Task requirements -
Repeat exactly, and nothing more, the lines from the one that includes "More information about" through the final line of the entries; skip the pictures.

Data section -
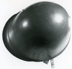 Hełm wojskowy wz. 31-50, powstały z połączenia dzwonu hełmu wz. 31, których partię odnaleziono po wojnie w magazynach huty "Ludwików", z fasunkiem hełmu wz. 50. Malowany na kolor khaki. Wyściółka skórzano-filcowa. Brak widocznych sygnatur. |
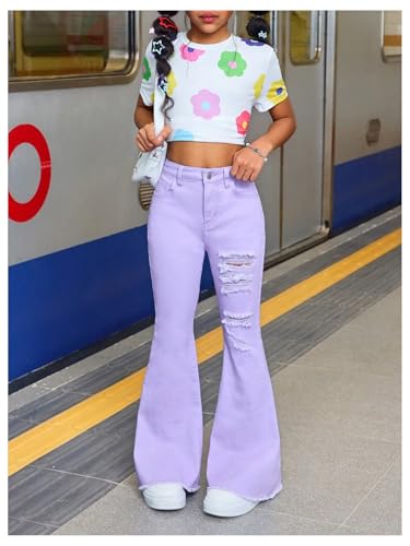 More information about Verdusa Girl's Ribbed Flare Jeans Streetwear Long Denim Pants with Pockets
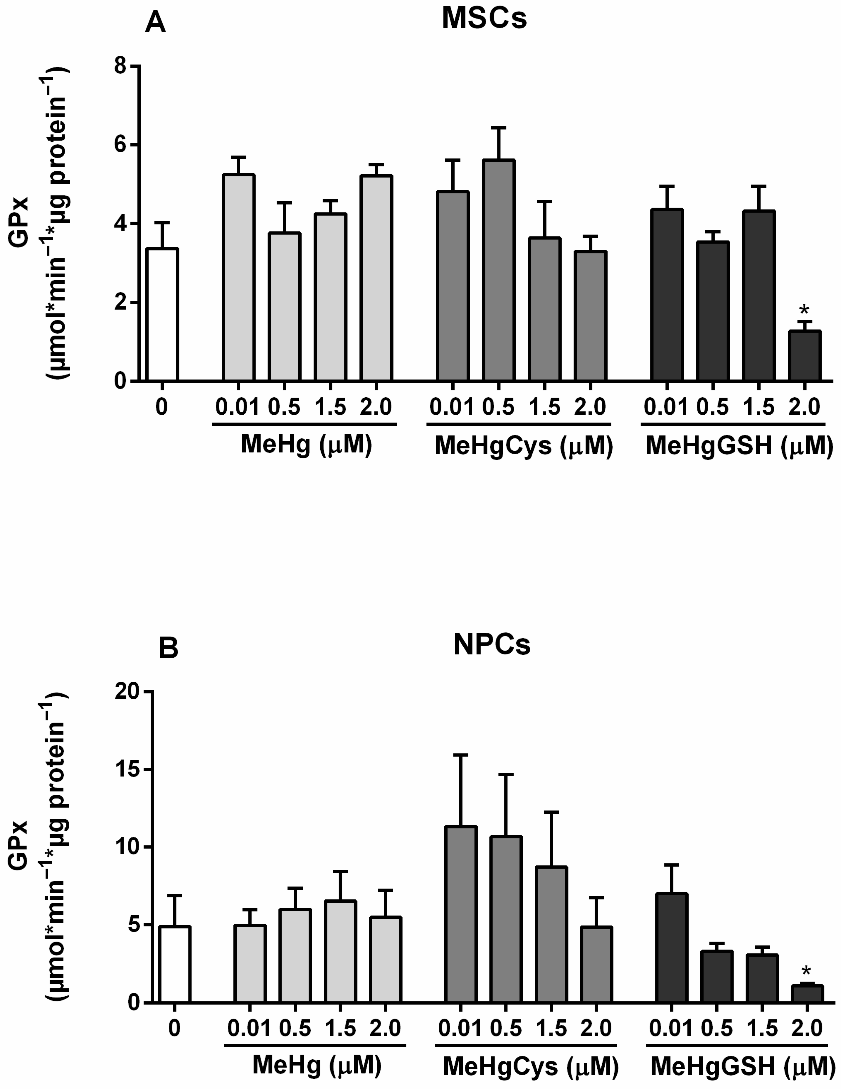 2.1.2. Exposure to the Physiologically Relevant Species of MeHg (MeHg–cysteine and MeHg–glutathione)
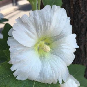 6/2投稿したたちいあおい、今朝 咲いたのは白でした🎉 たちいあおいはアルティア別名ホリホックって呼ばれるのですね。3年待って喜びもひとしおです。
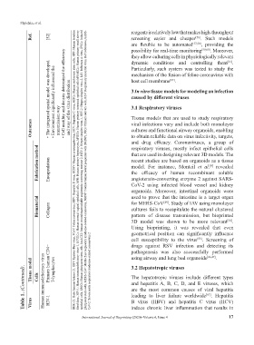 Table 1. (Continued). Tissue model Cells Human immunodeficiency virus Primary human CD4+ HIV-1 T-lymphocytes CoV-2: Severe acute respiratory syndrome-related coronavirus 2 3.2 Hepatotropic viruses [63]
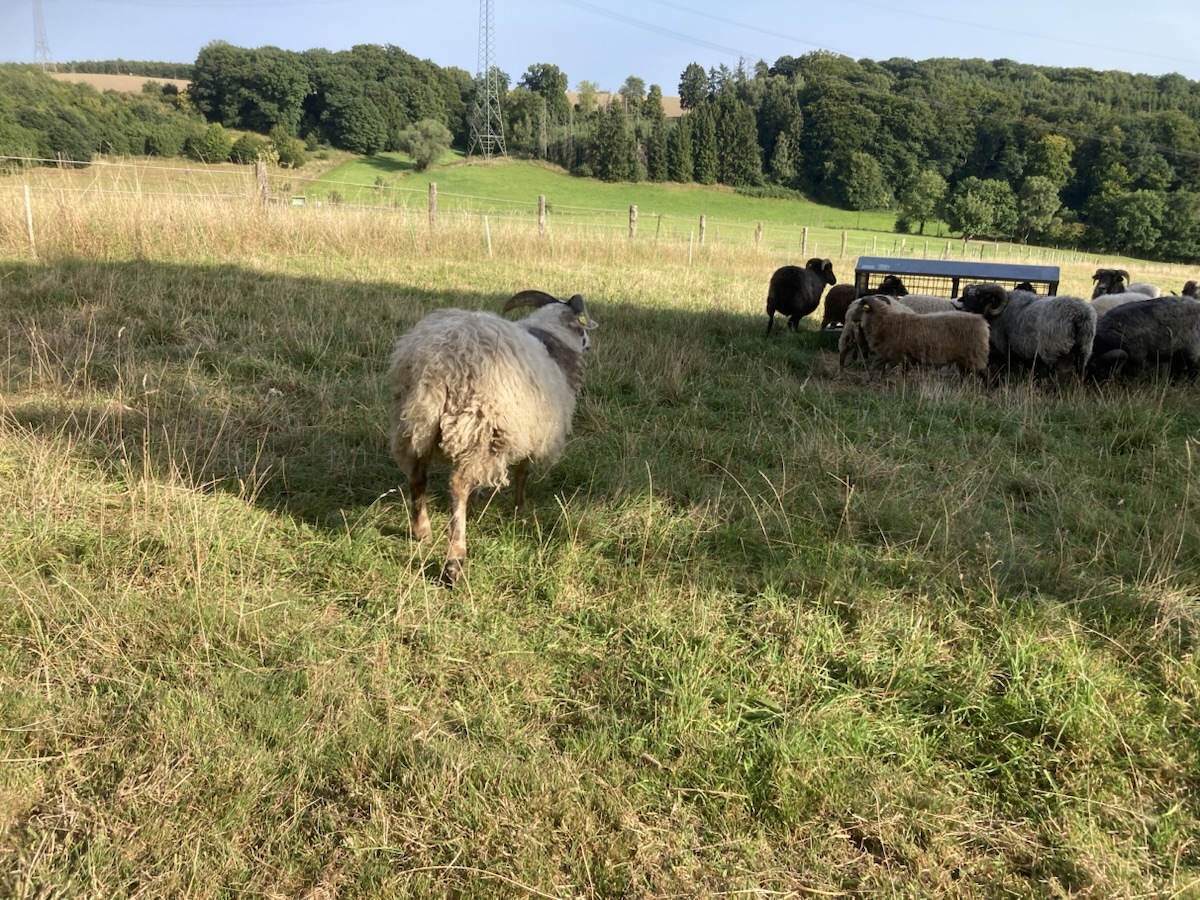 Heute waren die Damen sehr lange auf der anderen Annette- Wiese. Es hat ihnen da soooo gut gefallen, dass sie bis in die letzte Ecke gezogen sind, dass die das Einfüllen der Leckerchen und das Hupen nicht hören konnten – oder wollten. Also habe ich, während Micha Wasser und Leckerchen verteilt hat, mich auf die Suche nach den Damen begeben, um sie abzuholen…
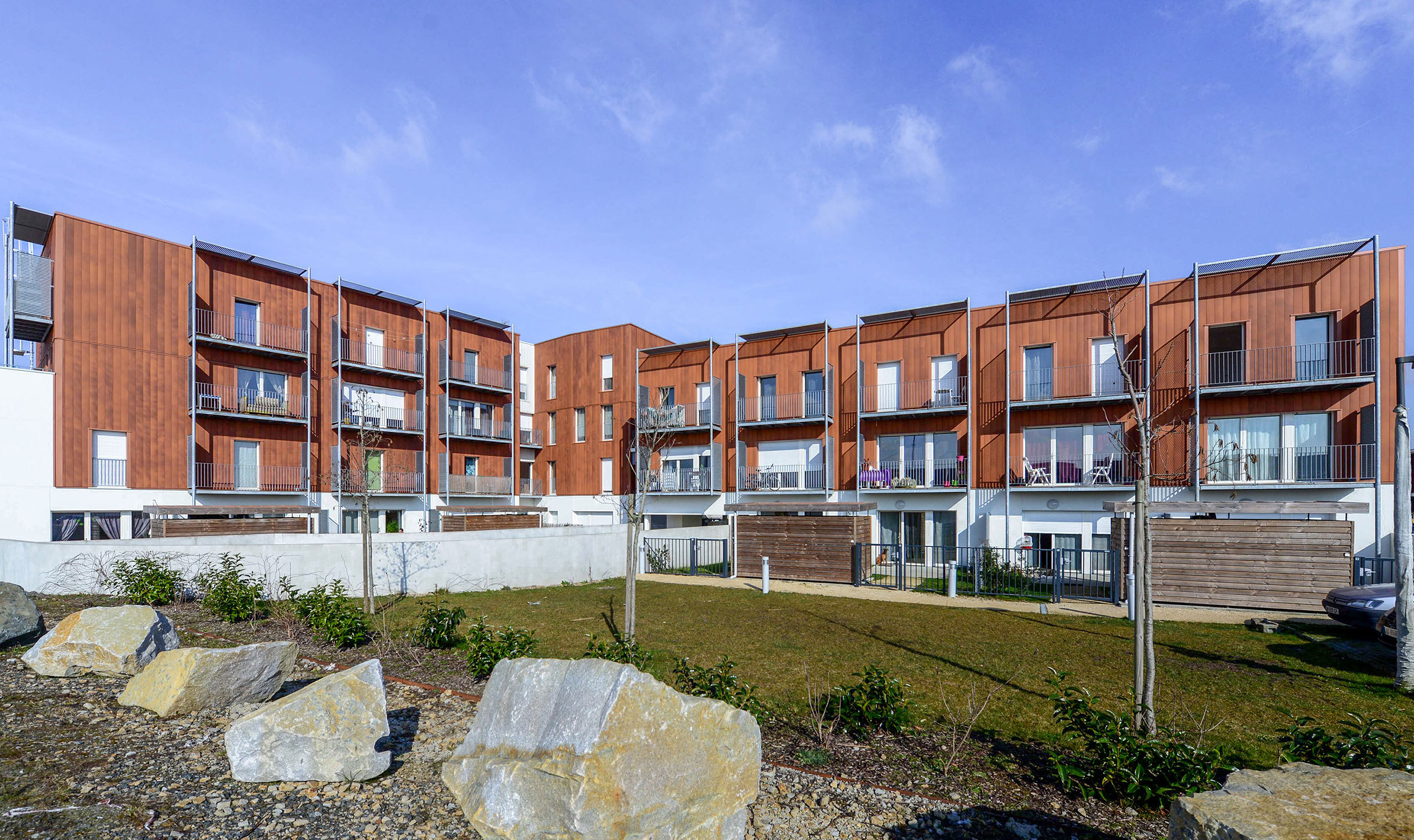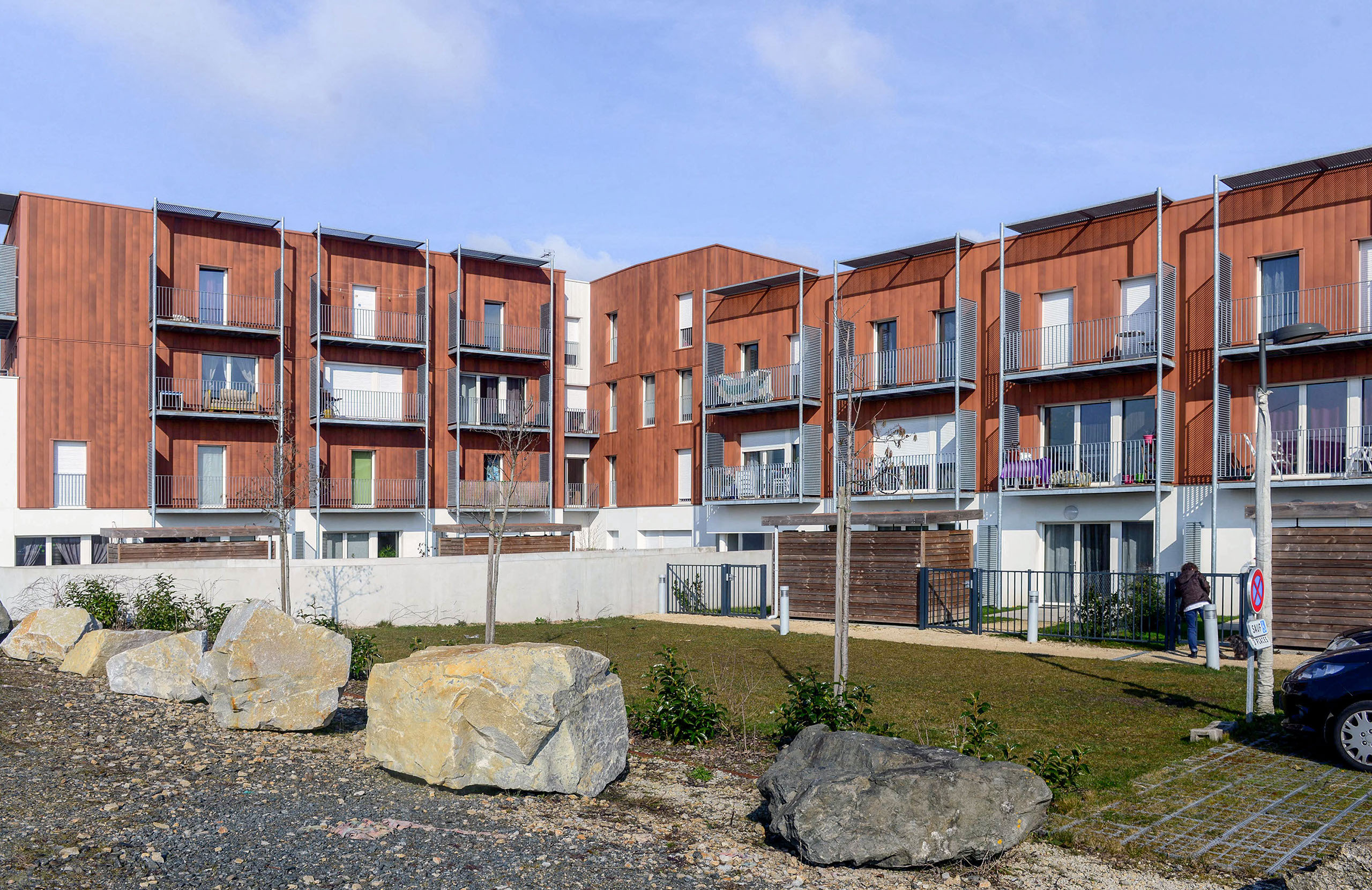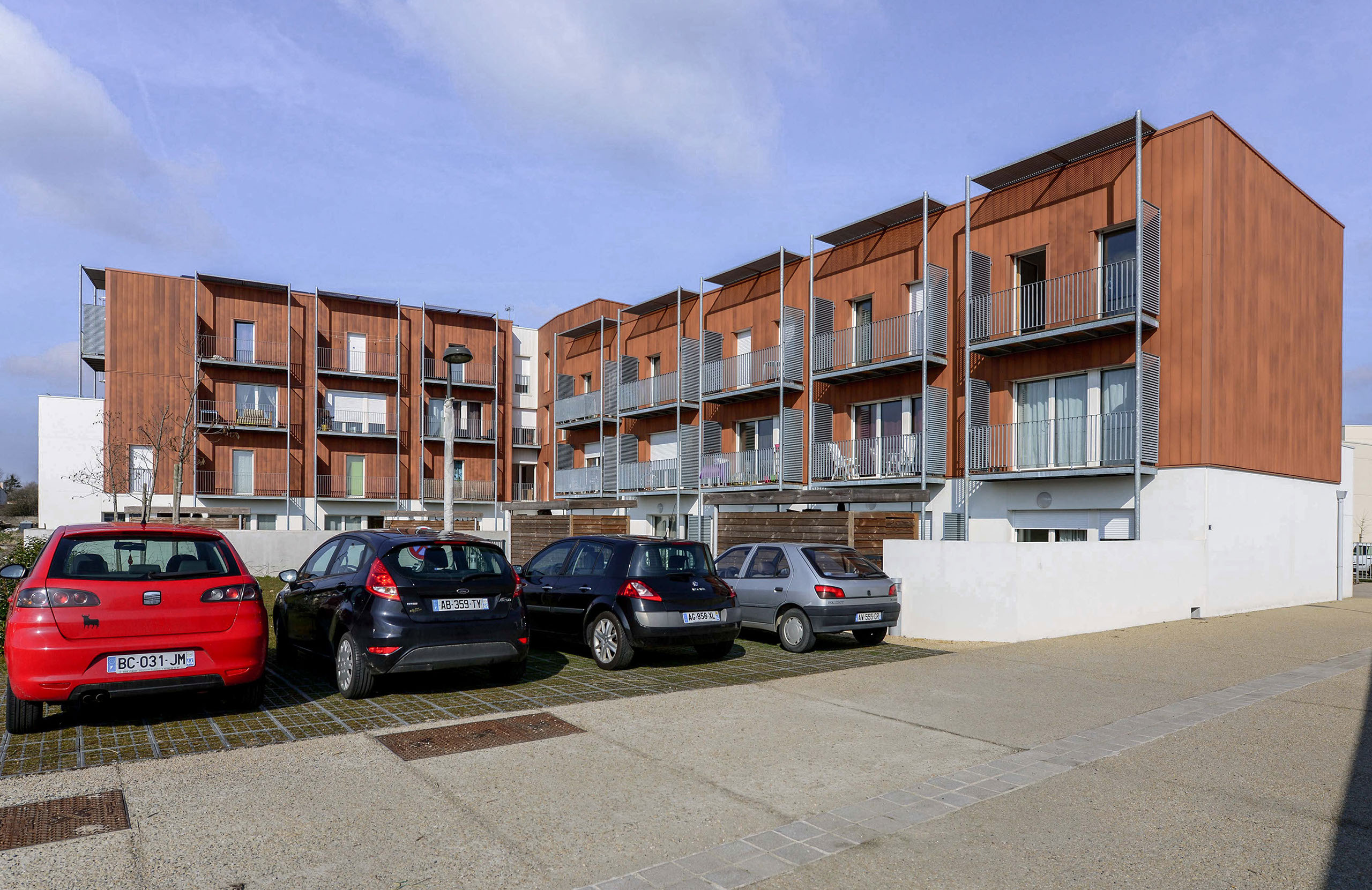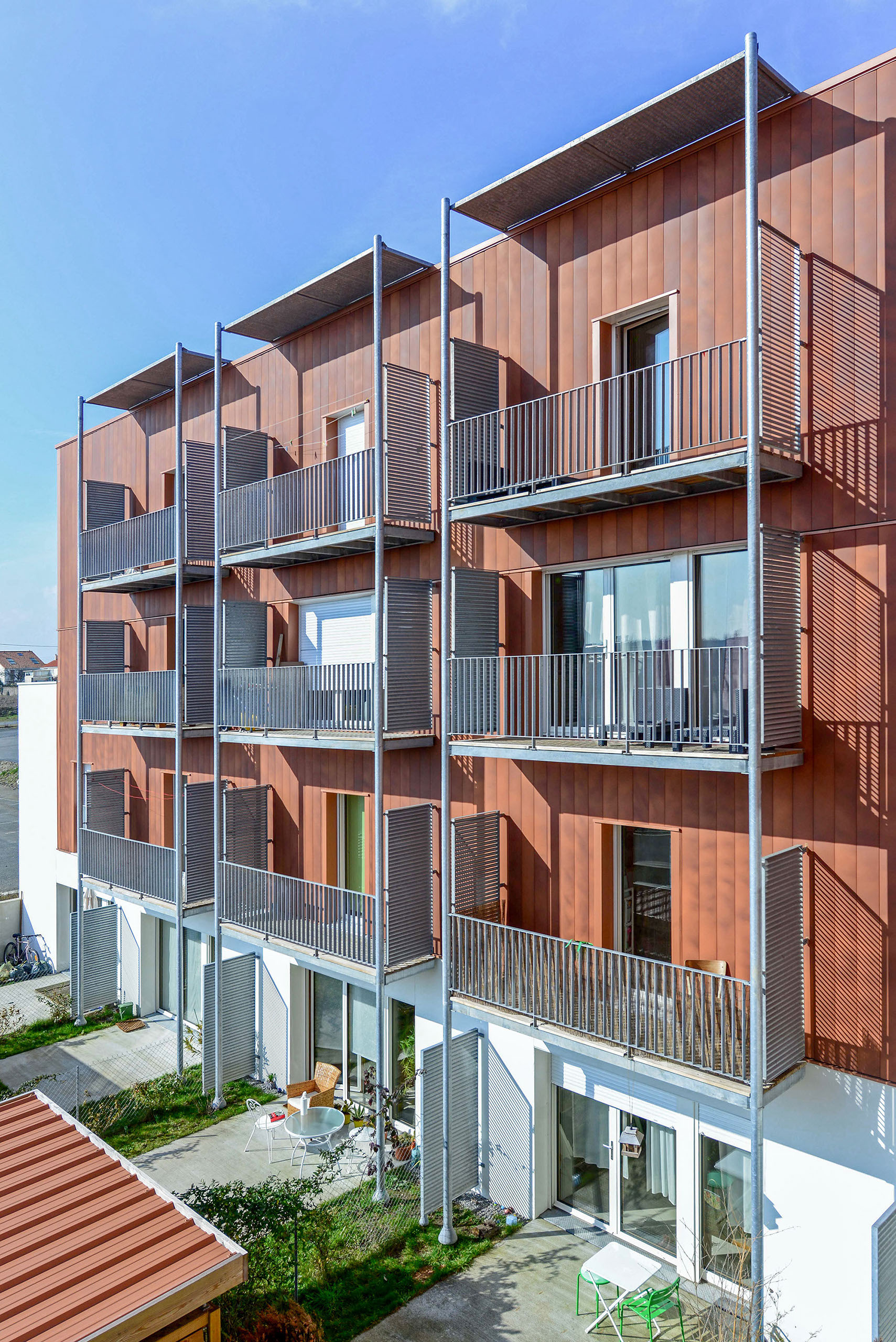 Le principe des logements repose principalement sur des logements duplex avec une coursive extérieure de distribution situé au niveau 1 et accessible par un escalier situé à l’entrée principale traversante laissant transparaitre le cœur de l’îlot tout en permettant sa traversée piétonne.

Expected answer -
 More information about Verdusa Girl's Ribbed Flare Jeans Streetwear Long Denim Pants with Pockets
 2.1.2. Exposure to the Physiologically Relevant Species of MeHg (MeHg–cysteine and MeHg–glutathione)
 6/2投稿したたちいあおい、今朝 咲いたのは白でした🎉 たちいあおいはアルティア別名ホリホックって呼ばれるのですね。3年待って喜びもひとしおです。
 Table 1. (Continued). Tissue model Cells Human immunodeficiency virus Primary human CD4+ HIV-1 T-lymphocytes CoV-2: Severe acute respiratory syndrome-related coronavirus 2 3.2 Hepatotropic viruses [63]
 Heute waren die Damen sehr lange auf der anderen Annette- Wiese. Es hat ihnen da soooo gut gefallen, dass sie bis in die letzte Ecke gezogen sind, dass die das Einfüllen der Leckerchen und das Hupen nicht hören konnten – oder wollten. Also habe ich, während Micha Wasser und Leckerchen verteilt hat, mich auf die Suche nach den Damen begeben, um sie abzuholen…
 Le principe des logements repose principalement sur des logements duplex avec une coursive extérieure de distribution situé au niveau 1 et accessible par un escalier situé à l’entrée principale traversante laissant transparaitre le cœur de l’îlot tout en permettant sa traversée piétonne.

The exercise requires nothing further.